1. A method of treating hot flashes in a mammal comprising administering to a mammal in need thereof an effective amount of duloxetine.

2. A method as claimed in claim 1 wherein the mammal is administered between 30 and 150 mg of duloxetine per day.

3. A method as claimed in claim 1 wherein the mammal is administered between 40 and 80 mg of duloxetine per day.

4. A method as claimed in claim 2 wherein the duloxetine is administered as an enteric capsule.

5. Duloxetine for use in the treatment of hot flashes.

6. A pharmaceutical formulation containing, as an active ingredient, duloxetine adapted for use in the treatment of hot flashes.

7. The use of duloxetine for the manufacture of a medicament for the treatment of hot flashes.

8. A method of treating hot flashes in a human undergoing raloxifene administration comprising administering an effective amount of duloxetine to a human in need thereof.

9. The method according to claim 7 where the raloxifene is raloxifene hydrochloride.

10. The method according to claim 7 where the administration of duloxetine and raloxifene is concurrent.

11. The method according to claim 9 where the administration of duloxetine and raloxifene is simultaneous.

12. The use of duloxetine for the manufacture of a medicament for treating hot flashes in a human female undergoing raloxifene administration.

13. A pharmaceutical formulation adopted for treatment of hot flashes in humans comprising duloxetine and raloxifene.

14. A method of treating hot flashes in a human undergoing estrogen replacement therapy comprising administering an effective amount of duloxetine to a human in need thereof.

15. The method according to claim 13 where the administration of duloxetine and estrogen replacement therapy are concurrent.

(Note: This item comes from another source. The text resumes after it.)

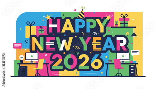 Happy New Year 2026 vibrant corporate greeting with creative office desks and festive elements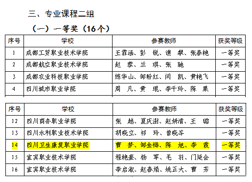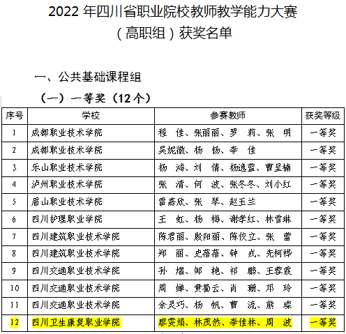 在2022年四川省职业院校教师教学能力大赛中,开元官网参赛的8支队伍全部获奖。其中高职组康复治疗专业群内公共基础课教师获“公共基础课程组”三项大奖:周波、李佳林、林茂然、廖文娟获一等奖,蒋晓娟、张茂、段晓芳、张莉获三等奖,洪晓静、杨怡、梁乔、李捷获三等奖;群内专业基础课教师陈帅、陈荣、何福超获“专业课程一组”三等奖;群内护理专业教师邹金梅、曹梦、李霞、陈旭获“专业课程二组”一等奖,群内康复治疗技术专业教师任凯、牟杨、袁燕琳、赵江获“专业课程二组”二等奖;群内护理专业教师王敏获中职组“专业技能课程二组”三等奖;药品食品学院教师郑茜、杨洋、梁菊俄获“专业课程一组”三等奖。这是学校在四川省教师教学能力比赛中首次突破一等奖奖项,学校获评“最佳进步奖(高职组)”奖项。

16. The method according to claim 14 where the administration of duloxetine and estrogen replacement therapy are simultaneous.

17. The use of duloxetine for the manufacture of a medicament for treatment of hot flashes in a human female undergoing estrogen replacement therapy.

18. A pharmaceutical formulation adopted for treatment of hot flashes in humans comprising duloxetine and estrogen replacement therapy.

19. A method of treating hot flashes in a human female comprising administering to a woman in need thereof an effective amount of duloxetine estrogen replacement therapy is contraindicated.

20. The use of duloxetine for the manufacture of a medicament for treatment hot flashes in a human female where estrogen replacement therapy is contraindicated.